Global market shares before the merger
Regulators will now be pouring through the detail of the intended merger to establish the key competition issues emerging. Brewing is a highly vertically integrated industry, in which dominant firms are able to dictate prices to retailers and limit consumer choice in pubs, hotels and other controlled outlets. The merger will make a difficult situation worse for smaller micro-breweries and those selling ‘craft’ beers, who have seen increases in market share in recent years. This makes them easy pickings for the mega breweries who are keen to add craft beers to their portfolio. Even before the proposed merger, the brewing industry has been the subject of close monitoring in terms of its anti-competitive structure and considerable barriers to entry.
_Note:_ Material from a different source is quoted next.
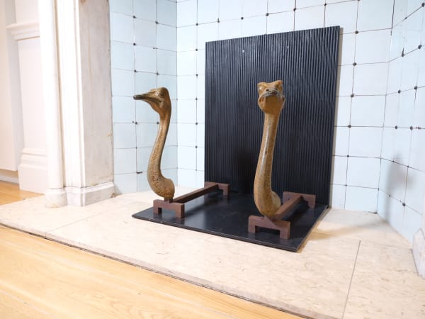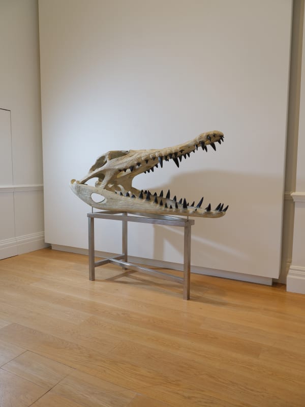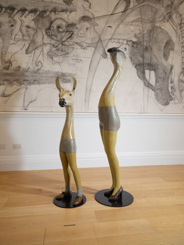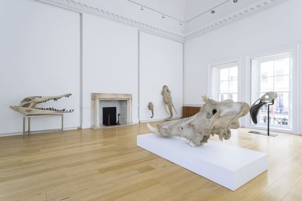 While communicating the power differential between humans and animals, Garel’s work showcases a perfect harmony between abnormality and execution. Dramatic choices in scale, from an astounding three-meter-long warthog skull - Phacochère (2023) to an exaggerated pink flamingo skull - Phoenicopterus I (2013), are made with careful precision to create convincing sculptures of palaeontology and taxidermy. Within the backdrop of these sculptures are Garel’s elaborate charcoal sketches, Palimpsest, which grant a glimpse into the preliminary visions of his oeuvre.

While the merger will face close scrutiny in many territories, it is thought that it will be allowed with a likely request to divest brands and selling stakes in other breweries. That the merger is likely to go ahead with modest regulation is because even though global concentration in the industry will increase considerably, the effect in any one territory is limited. For example, while AB InBev has a market share of nearly 80% in Argentina, it is only 16% in the UK and 6% in Germany. In France, both SABMiller and AB Inbev lag behind Heineken which has a 30% market share. However, some enforced selling is likely, with AB Inbev required to sell SABMiller’s stake in MillerCoors in the US and CR Snow in China (a joint venture between SAB Miller and China Resources Limited), which controls around 25% of the Chinese market.